ASSIGNED TASK - All of the data that follows should be given again exactly, without its images.

SUPPLIED INFORMATION -
__________________________________________________

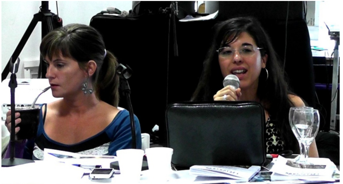
Plenario de Delegados 2015. Villa Mercedes, San Luis

En determinados momentos históricos las comisiones internas también se convirtieron en órganos fundamentales de la huelga general, lo que llevó a la clase trabajadora a mantener los mejores niveles de bienestar y conciencia social. Sin embargo, es necesario recordar que dicha situación generó reacciones ya no solo de las patronales y del poder económico, sino también del poder político a través de leyes prohibitivas, represión y en su más feroz afrenta, mediante dictaduras militares, siendo precisamente los delegados de base el blanco principal del terroris-
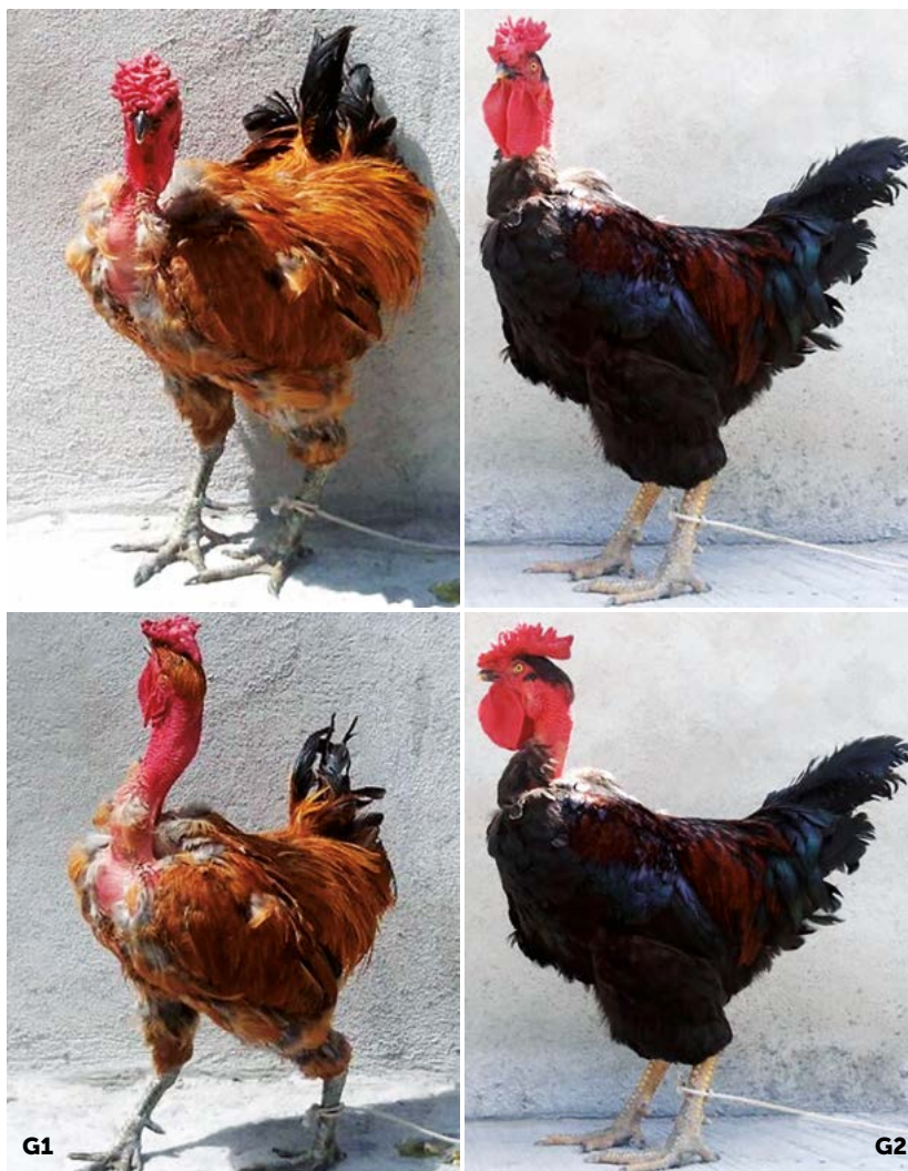
Figura 2. Gallos criollos con cuello desnudo y cresta rosa (CD y CR). G1: gallo utilizado en el grupo 1, peso vivo 2.600 kg. G2: gallo del grupo 2, peso vivo 2.965 kg. Estas aves fueron recolectadas de la avicultura de traspatio en Valle del Mezquital Hidalgo, México.

El porcentaje de pollos nacidos con CD y CN fue similar ( P>0.05 ). Los porcentajes fueron 53% pollos con CD y 47% pollos con CN (39 vs 35 pollos, Figura 3). Los resultados de esta investigación confirman que el gen Na presenta dominancia incompleta. Scott y Crawford (1977) observaron que el gen Na presenta dominancia incompleta y que los heterocigotos (Nana) tienen un pe-

__________________________________________________

REPLY -
Plenario de Delegados 2015. Villa Mercedes, San Luis

En determinados momentos históricos las comisiones internas también se convirtieron en órganos fundamentales de la huelga general, lo que llevó a la clase trabajadora a mantener los mejores niveles de bienestar y conciencia social. Sin embargo, es necesario recordar que dicha situación generó reacciones ya no solo de las patronales y del poder económico, sino también del poder político a través de leyes prohibitivas, represión y en su más feroz afrenta, mediante dictaduras militares, siendo precisamente los delegados de base el blanco principal del terroris-
Figura 2. Gallos criollos con cuello desnudo y cresta rosa (CD y CR). G1: gallo utilizado en el grupo 1, peso vivo 2.600 kg. G2: gallo del grupo 2, peso vivo 2.965 kg. Estas aves fueron recolectadas de la avicultura de traspatio en Valle del Mezquital Hidalgo, México.

El porcentaje de pollos nacidos con CD y CN fue similar ( P>0.05 ). Los porcentajes fueron 53% pollos con CD y 47% pollos con CN (39 vs 35 pollos, Figura 3). Los resultados de esta investigación confirman que el gen Na presenta dominancia incompleta. Scott y Crawford (1977) observaron que el gen Na presenta dominancia incompleta y que los heterocigotos (Nana) tienen un pe-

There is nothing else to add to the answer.